*Materials provided*.
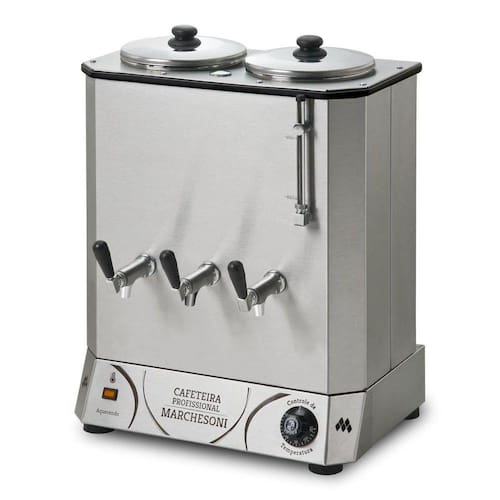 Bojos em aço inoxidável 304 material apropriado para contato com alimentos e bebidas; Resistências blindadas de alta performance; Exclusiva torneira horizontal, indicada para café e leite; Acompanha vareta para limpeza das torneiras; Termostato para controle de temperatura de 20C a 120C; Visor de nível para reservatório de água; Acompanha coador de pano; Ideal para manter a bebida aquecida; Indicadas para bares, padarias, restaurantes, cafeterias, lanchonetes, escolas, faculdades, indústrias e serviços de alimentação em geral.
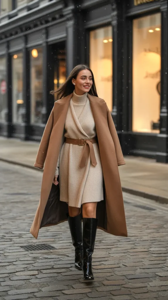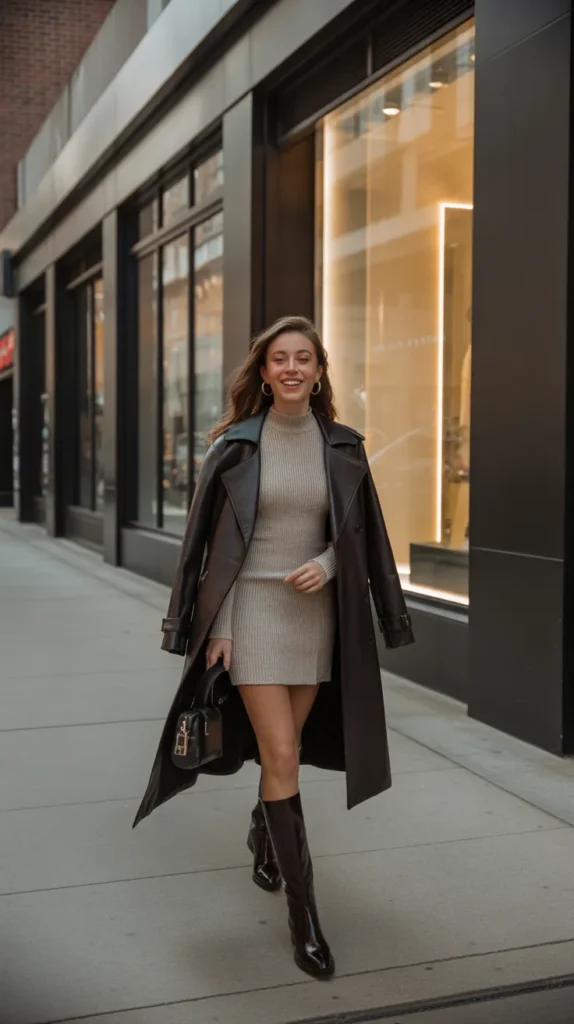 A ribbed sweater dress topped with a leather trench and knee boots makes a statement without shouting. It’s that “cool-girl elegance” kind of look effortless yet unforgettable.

--

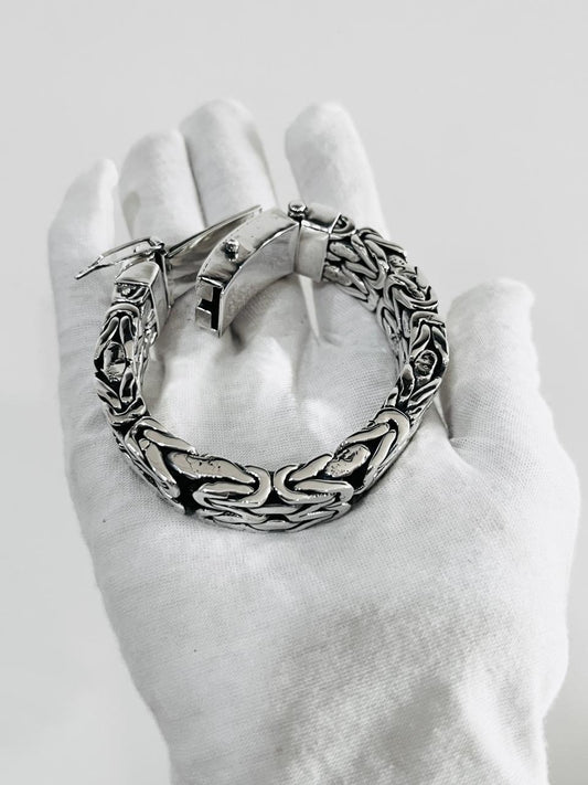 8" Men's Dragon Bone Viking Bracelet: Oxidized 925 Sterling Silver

*Problem details*. Above are some records. Reproduce the lines from the one with "Bojos em aço" down to the one with "A ribbed sweater", keeping both, and leave every picture out.

*Finished task*.
 Bojos em aço inoxidável 304 material apropriado para contato com alimentos e bebidas; Resistências blindadas de alta performance; Exclusiva torneira horizontal, indicada para café e leite; Acompanha vareta para limpeza das torneiras; Termostato para controle de temperatura de 20C a 120C; Visor de nível para reservatório de água; Acompanha coador de pano; Ideal para manter a bebida aquecida; Indicadas para bares, padarias, restaurantes, cafeterias, lanchonetes, escolas, faculdades, indústrias e serviços de alimentação em geral.
 A ribbed sweater dress topped with a leather trench and knee boots makes a statement without shouting. It’s that “cool-girl elegance” kind of look effortless yet unforgettable.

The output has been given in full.